Task:
Please, without any pictures, set down exactly the part of the listing below that opens with the line containing "Ae haloo printed" and closes with the line containing "9、现在添加透明的径向渐变,笔刷描边和点".

Given information:
§

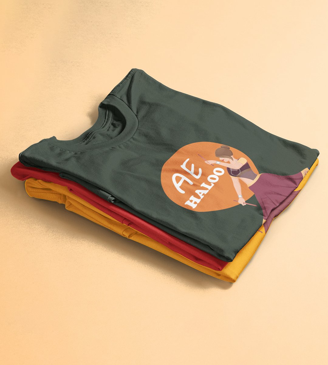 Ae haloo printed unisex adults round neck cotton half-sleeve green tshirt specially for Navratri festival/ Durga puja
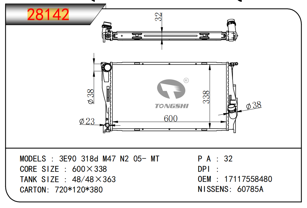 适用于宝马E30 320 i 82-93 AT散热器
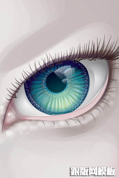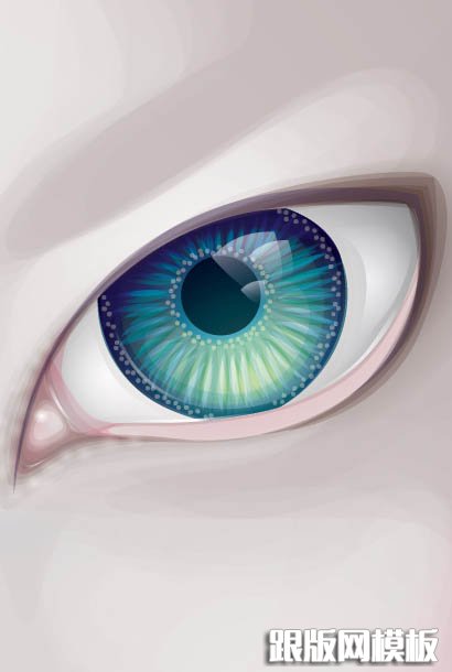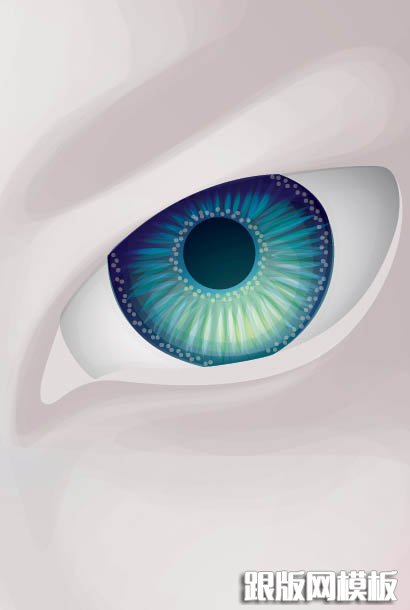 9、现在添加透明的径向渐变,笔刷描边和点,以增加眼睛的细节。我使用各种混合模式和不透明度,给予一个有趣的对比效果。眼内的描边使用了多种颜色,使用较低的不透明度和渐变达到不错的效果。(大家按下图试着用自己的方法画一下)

§

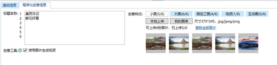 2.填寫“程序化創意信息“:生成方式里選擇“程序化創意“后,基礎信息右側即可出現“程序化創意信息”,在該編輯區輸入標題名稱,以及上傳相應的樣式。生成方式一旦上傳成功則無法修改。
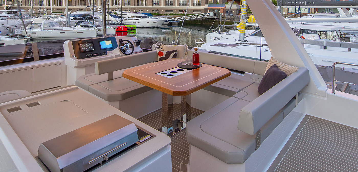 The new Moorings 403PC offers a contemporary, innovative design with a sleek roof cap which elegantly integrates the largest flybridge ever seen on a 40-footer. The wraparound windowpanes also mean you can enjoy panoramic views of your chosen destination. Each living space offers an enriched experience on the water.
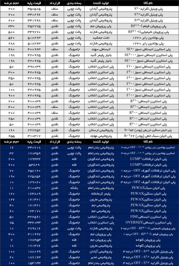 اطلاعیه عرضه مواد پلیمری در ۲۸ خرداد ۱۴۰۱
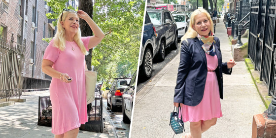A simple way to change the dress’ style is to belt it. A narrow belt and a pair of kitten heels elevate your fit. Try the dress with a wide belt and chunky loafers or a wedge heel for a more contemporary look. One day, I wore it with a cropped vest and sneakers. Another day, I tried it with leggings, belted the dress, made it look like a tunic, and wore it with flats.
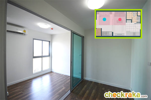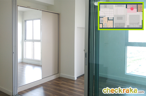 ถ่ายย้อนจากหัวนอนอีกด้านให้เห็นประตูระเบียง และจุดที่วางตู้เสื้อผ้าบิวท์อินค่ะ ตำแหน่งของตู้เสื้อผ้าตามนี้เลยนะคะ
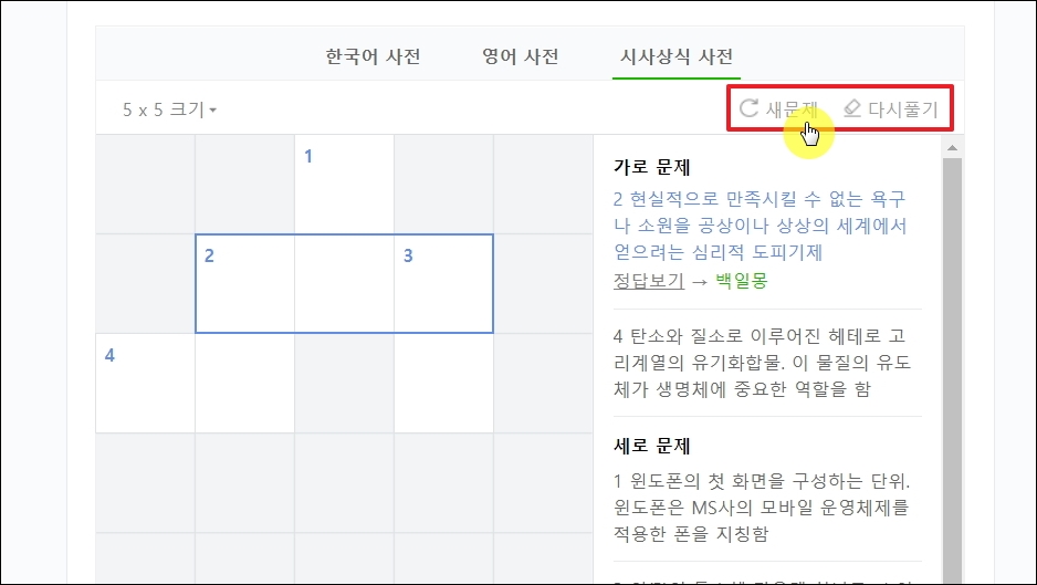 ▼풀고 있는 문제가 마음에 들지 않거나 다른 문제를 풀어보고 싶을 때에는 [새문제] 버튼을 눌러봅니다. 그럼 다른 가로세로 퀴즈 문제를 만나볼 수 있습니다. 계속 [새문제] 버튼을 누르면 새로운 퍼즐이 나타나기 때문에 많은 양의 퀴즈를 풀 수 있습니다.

§

Answer box:
 Ae haloo printed unisex adults round neck cotton half-sleeve green tshirt specially for Navratri festival/ Durga puja
 适用于宝马E30 320 i 82-93 AT散热器
 9、现在添加透明的径向渐变,笔刷描边和点,以增加眼睛的细节。我使用各种混合模式和不透明度,给予一个有趣的对比效果。眼内的描边使用了多种颜色,使用较低的不透明度和渐变达到不错的效果。(大家按下图试着用自己的方法画一下)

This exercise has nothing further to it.